How to Differentiate Yourself in the Market

By Christina Suter on Feb 06, 2016 at 12:02 PM in Business Issues

How to Differentiate Yourself in the Market

You can’t help it, you’re already doing it!

What makes you different, what sets you apart from any other company in the market, is you. When you’re an entrepreneur or sole proprietor, you’re already differentiating yourself in the market thanks to your vision. Whatever you first saw, made you different from the way it was currently being done. For example, if you’re a plumber, you noticed that there was something you could be doing better than the company you were working for. Or, you saw the opportunity to be a leader and to provide outstanding service to your clients.

To Do: Write down, what in your initial vision made you so excited and convinced that you’d be different than everyone else?

Every day you run your company, you run it with that differentiation in place. From the moment you answer a client call you’ve set yourself apart from the rest of the market, it’s a built in bias. Your personality is professional, you function with integrity, you are determined and you’re strong. When I answer my phone I am calm, professional, warm and inclusive, and all of those things helps the person on the other end develop a feeling of trust for my business and me. As the conversation goes on I meet them where they are, I identify their problem and tell them that I’ve dealt with a similar problem in the past. AS we go into how I can help them, they’ve already relaxed and they have a sense of who I am and what I can do to help them.

Company Culture

Your vision combined with your nature work together to define your company culture. You not only had a vision for how you could be different than others in your market but your product vision sets you apart as well. The culture of your company differentiates your product whether you like it or not.

On a nuts and bolts level, research, on the internet, who your competitors are (people who offer the same products or services as you). Search regionally and if you’re a digital business, search nationally. List their name, price point, telephone number, what’s their culture (their branding, what are they promising. Once you’ve done 1-15 companies, circle cultures you relate to and cross out those you don’t want your business associated with. Analyze the list again and divide them between luxury brand, everyday brand, and who lingers in the middle. This information will show you where your business falls from the perspective of your client. Are you a leader in that market? Are you a luxury product or service? And is that where you want to be placed?

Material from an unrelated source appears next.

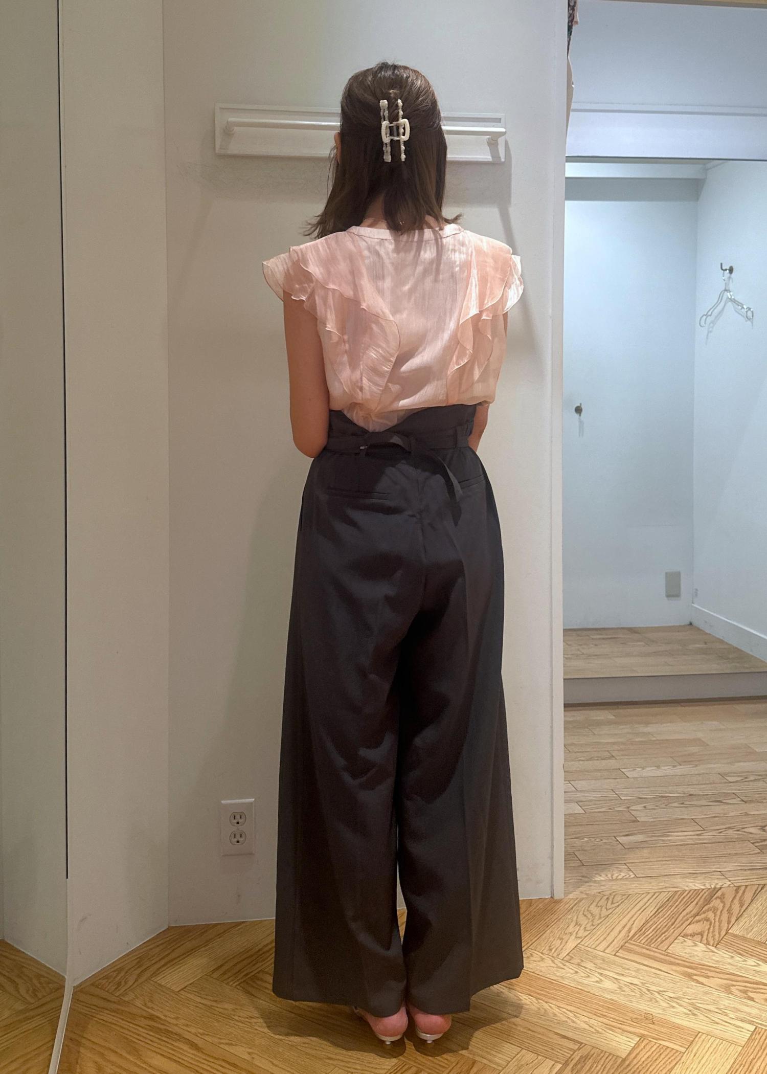 タックの入ったパンツを合わせると縦のラインが強調され、スタイルアップ効果も◎

If it isn’t where you want to be, change it. Fine-tune where your business falls and where your clients see your product or service. The purpose is to make sure that your business, your vision, and your service all match where you originally wanted to be. If you’re a luxury brand, you should have luxury prices, and so on. The last thing you want to do is confuse your clients and cause them not to believe you. So if your website says you use high quality materials and you desire to meet the specific needs of your clients, but your prices are everyday, they won’t believe you. If you offer a luxury product and you’re under-pricing yourself, you aren’t capable of delivering the service your original vision wanted to deliver.